I didn’t want to tell him. He would not see my wanting to paint again as the compromise I needed to make to stay here, as the reward for enduring all the things I did not want to do. But I was done with lying. I had tried it his way, my mother’s way, and it had never worked. I couldn’t go on like this forever, not now that I knew there was the possibility of something more. “I was looking at an artist’s studio.”
“An artist’s studio?” He said this as though I had told him I had been hunting one-legged unicorns. “What for?” His confusion was understandable. I don’t think he knew any women who had hobbies, other than shopping and complaining about their daughters-in-law. And the only hobbies any of the men he knew had were golf and infidelity. I was fairly sure he hadn’t taken up either, but it was only a matter of time.
“You know. For making art.”
“Like painting?”
“Yes, painting. And drawing. And, I don’t know, collage. Whatever I feel like.”
“Who’s going to pay for that?” he asked sharply, and now I knew he was angry. He never questioned the way I spent money—probably because I hardly spent any. My joy began to fade and the room grew darker around me. Phillip paid the bills. If he didn’t want to pay for it, he didn’t have to, and who was I to object? This is why women should have their own jobs, their own money, I thought. This is why I want my own. Like my grandmother had.
“I don’t mind working,” I said quietly. “I wanted to work. You were the one who didn’t want me to.” I could have argued a dozen things, compared myself to the women I knew who shopped their boredom and their pain away. But this wasn’t a financial reckoning. This wasn’t about fair. This was about control.

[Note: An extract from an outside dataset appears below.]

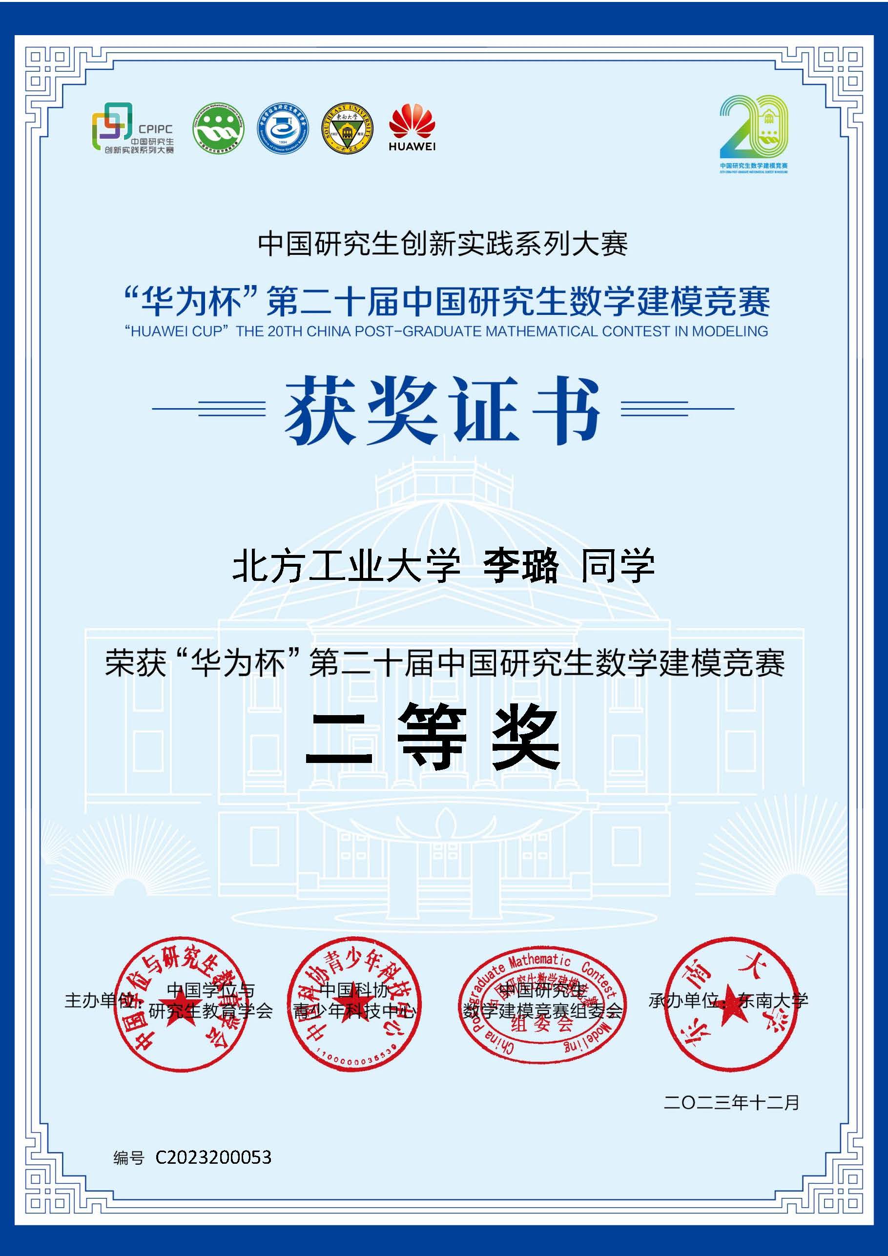 12月15日至12月17日,东南大学承办的“华为杯”第二十届中国研究生数学建模竞赛颁奖典礼暨二十周年庆祝大会在南京举行,公司研究生在比赛中成绩优异,共获得国家二等奖1项,国家三等奖5项。

He didn’t respond. Instead, he looked around the kitchen and said, “I’ve been waiting. I’m starving. You should call if you’re going to be late.”
“Wait, what are you talking about? Did we have plans? How am I late?”
He sighed in frustration, as though I were asking for clarification on some basic tenet of our relationship. “Past dinner time.”
“I’m sorry?” I wasn’t entirely sure what I was apologizing for. I sat down on the arm of the sofa, as though I were only staying a moment.
“If you’re not going to try, Madeleine, I don’t know why I’m bothering.”
“Try what?” I asked. I was becoming genuinely confused. It was as though Phillip were having an entirely different conversation and not letting me in on it.
“This.” He lifted his hands in frustration. He was standing behind the island in the kitchen. A bottle of wine, a half-empty glass, the opener, and the cork were lined up beside him in a tidy row. Everything about Phillip was so neat. It was fascinating, in a way, as though he had been molded from plastic. When we were first married, I had watched him endlessly, wondering at the way his hair fell perfectly into place as soon as he brushed it and stayed that way the entire day, how his suit jackets remained unwrinkled, even at the insides of the elbows, and how he never seemed to spill anything when he ate, whereas my every encounter with food was a battle in which my clothing was likely to end up as collateral damage. “Us. This relationship. You can’t go running off to—I don’t know, move in with your mother or become a painter or whatever every time you have a bad day.”